Sample GPU Batch Job and Run Instructions
Sample GPU Batch Job
To Run Sample GPU Batch Job
Notes
Back to HPC1 Documentation
Sample GPU Batch Job gpu.pbs
#!/bin/sh
#PBS -l nodes=1:ppn=16:nvidia
#PBS -o output$PBS_JOBID.log
#PBS -N GPU_test_job
#PBS -M johndoe@bnl.gov
#PBS -j oe
# Print time and date and hostname
date
hostname
# $PBS_O_WORKDIR is the directory from which you submitted the
job
cd $PBS_O_WORKDIR
module load cuda
echo ./$program ${args}
time ./${program} ${args}
To Run This Sample GPU Batch Job
cp /software/samples/gpu-batch/* ~johndoe/gpu-batch-testModify the email address in gpu.pbs to be your own
module load cuda
make map-cuda-small
qsub -v program=map-cuda-small,args=1024 gpu.pbs
The batch job above will be submitted to the default batch queue, named batch . To submit it to e.g.
queue gpudev instead:
qsub -q gpudev -v program=map-cuda-small,args=1024 gpu.pbs
Your batch output file should appear in the directory from which you
submitted the job, and have a filename like:
output3065.hpc1.csc.bnl.local.log
The first few lines of this output file should be like:
Fri Mar 14 13:38:59 EDT 2014
node08
./map-cuda-small 1024
size = 1024
0.000000 -> 0.000000
1.000000 -> 1.000000
The last few lines of this output file should be like:
1023.000000 -> 1046529.000000
copy data to device 25 micros
compute
278 micros
copy data to host 19 micros
real 0m0.401s
user 0m0.016s
sys 0m0.377s
Notes
As you can see in map-cuda-small.cu, this particular cuda program has
an input argument (we used 1024 above).
If it had not, the batch submission command would have been:
qsub -v program=map-cuda-small gpu.pbs
The data is copied from the host (node08 in the example above) to the
device (GPU), then the kernel (function that runs
on the GPU) runs many threads on the GPU, and finally the data is copied from
the device back to the host.
The host (node08) has two Intel Xeon processors having 8 cores apiece
thus 16 cores total. Thus the batch
job requests one host node and 16 cores, as well as use of the GPU for
that node. It could alternately have requested
this with:
#PBS -l nodes=1:ppn=16:gpus=1
node01 through node08 each have a GPU. The GPU boards don't have a
bus to communicate, MPI must
be used for them to communicate. map-cuda-small.cu
above does not use MPI, thus runs on only one GPU.

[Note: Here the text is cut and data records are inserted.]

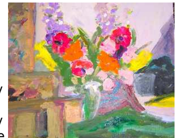
Flowers before Easel (20"x24" acrylic & oil) by Ellen Mulhern

You can see more work at her website: http://web.me.com/ellenmulhern1
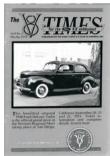
Motor Company in 1932 and was instrumental in
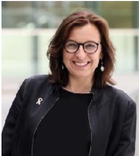
Tilly Metz
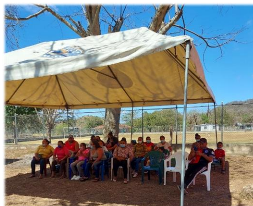
The waiting room
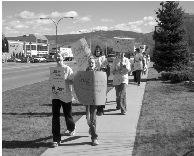
International Day of Action Against the Seal Hunt: Protest in Kelowna, B.C.

Prime Minister's Office Right Honourable Paul Martin Office of the Prime Minister 80 Wellington St. Ottawa, Ontario, Canada K1A 0A2 Fax: 613-941-6900 E-mail: pm@pm.gc.ca
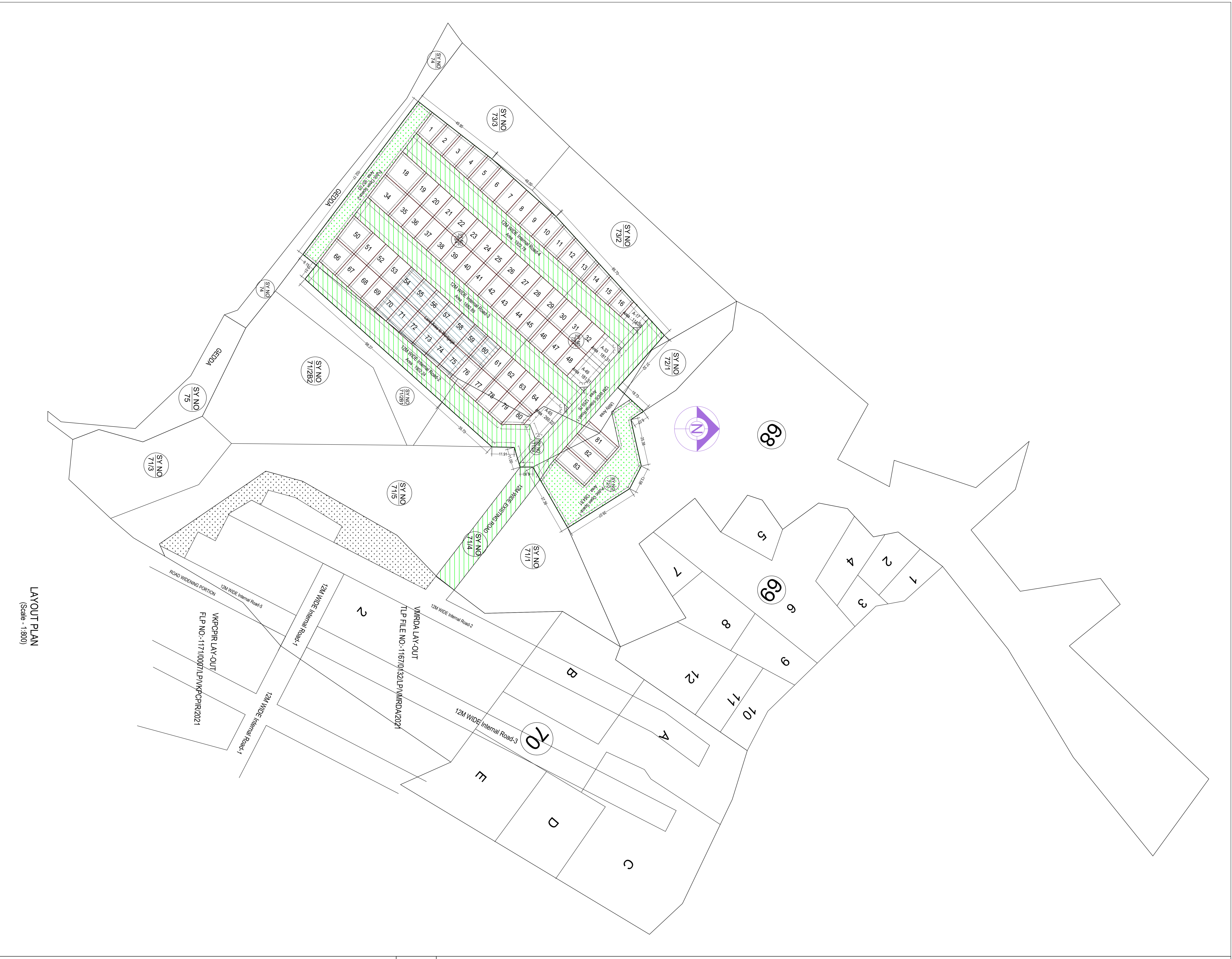
LAYOUT PLAN (Scale - 1:800)

If our CUDA program had written output files that we wanted to write
to a separate subdirectory for each run,
then the batch script would have used ${PBS_O_WORKDIR} a little
differently, creating a subdirectory of the
directory from which we submitted the run, and having the subdirectory
name be the PBS jobid of the run:
WORK=${PBS_O_WORKDIR}/${PBS_JOBID}
[ -d ${WORK} ] || mkdir -p ${PBS_O_WORKDIR}/${PBS_JOBID}
cp ${PBS_O_WORKDIR}/$program ${WORK}
cd ${WORK}